Similarly, thinking/talking diverts our energy and willpower. Please think of something and do it directly, especially as a child. When children saw a paper box like a car, they don’t talk about how it’s a car, they start “driving” the paper box. Once you make them talk about it, their attention may be diverted, this pushes them to become adult-like too quickly, too soon.

The thing about human beings is that we have a longer childhood than most mammals. There’s a scientific reason for it, and it’s probably best not to disrupt it. Urban children also become adult-like much quicker than rural children because their life includes much less doing . There’s less playing in the field, rolling around, but more materialistic, especially now, with the lack of space and the abundance of electronic goods.

Here are some ways I learn to speak less and talk more when I did the kindergarten training with a play-based school.

Create rhythm, so children know what to do always

In those play-based school, it might seem that the children are running around freely. However, if you observe closely, there’s a hidden timetable every day that’s very consistent and repeated day-after-day.

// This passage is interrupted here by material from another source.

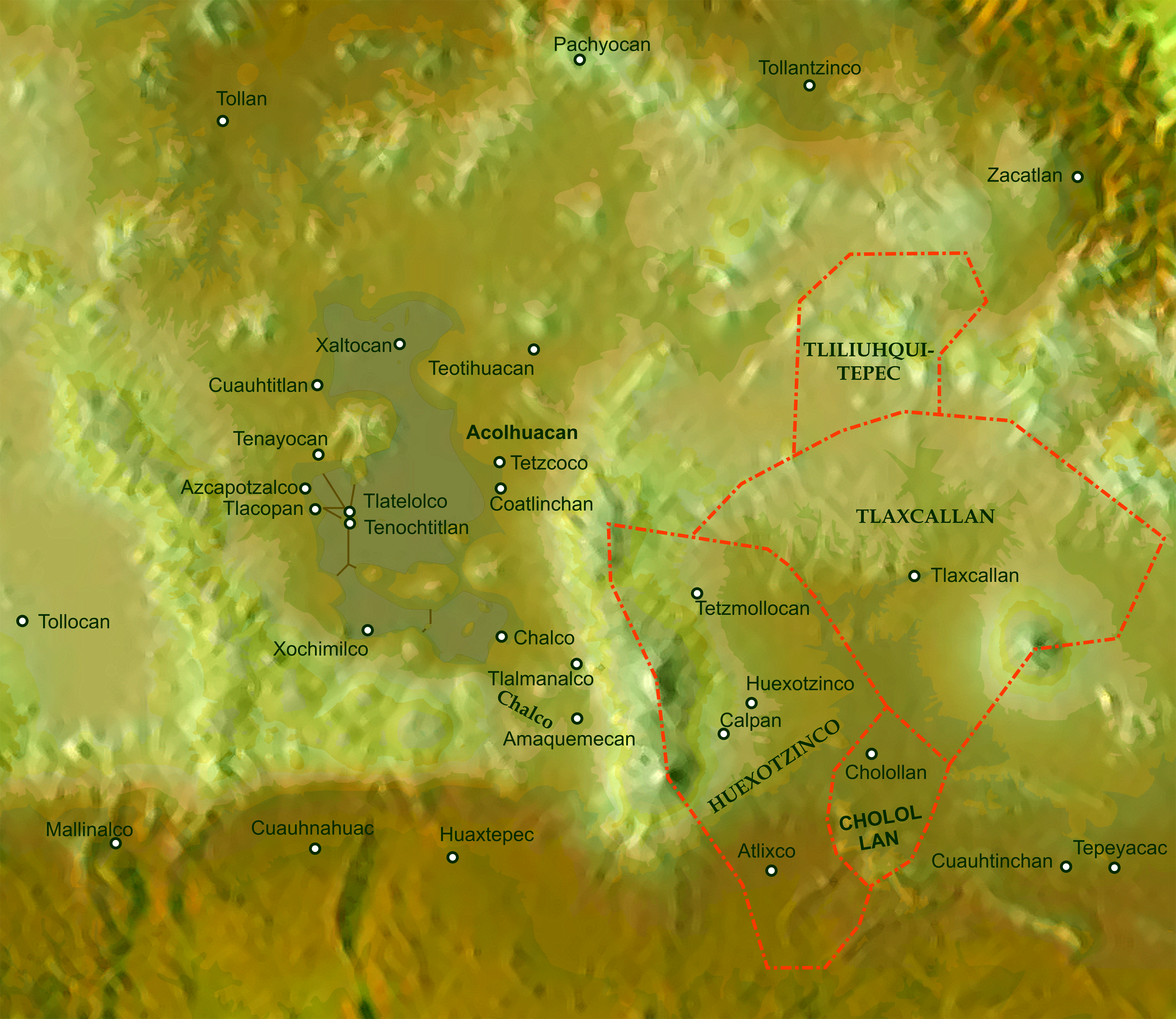 Central Mexico: political situation before the Conquest.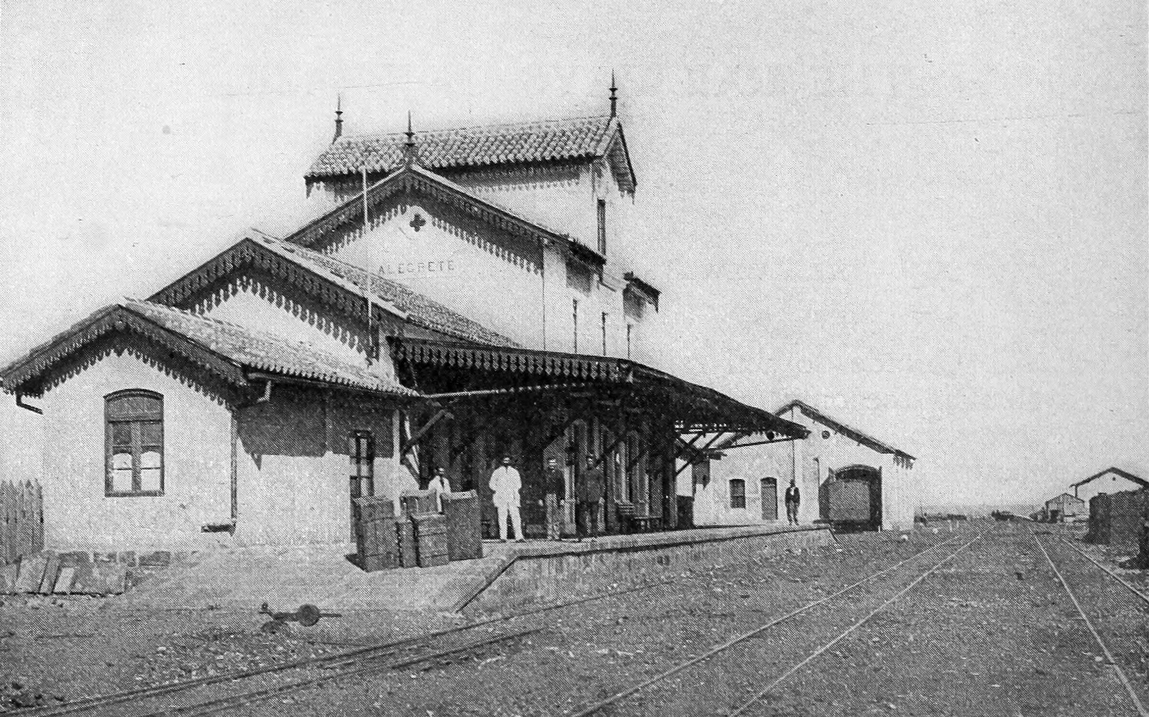 Railroad depot in Alegrete, Brazil. Identifier: cassiersmagaz401911newy Title: Cassier's magazine Year: 1891 (1890s) Authors: Subjects: Engineering Publisher: New York Cassier Magazine Co. Text Appearing Before Image: north ofUruguayana, through Santa Maria,and just north of Porto Alegre, thecapital. The Jacuhy does not flow directlyinto the sea, but into a long laguna,called the Lagoa dos Patos (lake ofdrakes), with the Lagoa Mirim(small lake) beyond, in the south.These long lakes, parallel and closeto the coast, are connected by the RioSao Goncalo, and have an outlet sea-ward between them at Rio Grande.No railway has been built betweenPorto Alegre and Rio Grande, thetwo most important towns and har-bours of the State, as sea-going ves-sels can ply along the laguna. Butboth towns (between which there isno little jealousy) are joined to thecentre of the State, whence the com-mon trunk line continues beyond toUruguayana. The line follows thefoot of the northern plateau, alongthe Jacuhy and Ibicuhv valleys, run-ning from Porto Alegre, throughSanta Maria, Cacequy, and on toUruguayana, on the west frontier.This is the main line of the obsoletePorto Alegre & Uruguayana Rail- 17 iS CASSIERS MAGAZINE Text Appearing After Image: ALEGRETE, A TYPICAL STATION ON THE RIO GRANDE RAILWAY way (P. A. U. Ry.). The RioGrande line runs through the impor-tant towns of Pelotas and Bage, andjoins the P. A. U. main line atCacequy. The Rio Grande and Bageportion was built by a separate com-pany. But it was necessary, besides, tojoin the State with Rio de Janeiro, inthe north, and southward with Monte- video, and this has been done fromthe centre. The southern line starts from apoint a few miles out of Cacequyand runs due south to Santa Annade Livramento, the frontier stationwhence the northern extension of theCentral of Uruguay Railway con-tinues through to Montevideo. On the other hand, an old Belgian

Children know what’s happening. They know that after storytime, it’s playtime. After playtime, they need to queue up to wash their hands, and it’s snack time. Even during snack time, the routine is the same, so they know where to get the cups and pass it to everyone, they know how many slices of apple they will get.

A child is doubtful to point at another child and complains they have more slices than me because this is carefully thought through, for children to laugh, play, and not speak too much.

Take some time to establish a routine at home, eat the same thing every day of each week. For example, have a routine like Monday is spaghetti day, Tuesday is fish cake day, etc. It’s hard for many parents to bring their work home and constantly get disrupted, I know. Use this as a principal, be flexible about it.

One trick for creating a rhythm to bed is a sleeping routine. Please make it a regular habit of starting packing bags together before sleep, brush their teeth, and bedtime. Always the same during the week, so they have enough time to wind down and tuck in.

Parents should do the same too

One of the best ways to create rhythm would be to do it yourself. I have seen so many parents speak about something but completely do another thing. Like telling their kids not to eat sweets almost whilst they are munching on chocolate, or tell their kids not to shout when they have fights with their other half in front of them.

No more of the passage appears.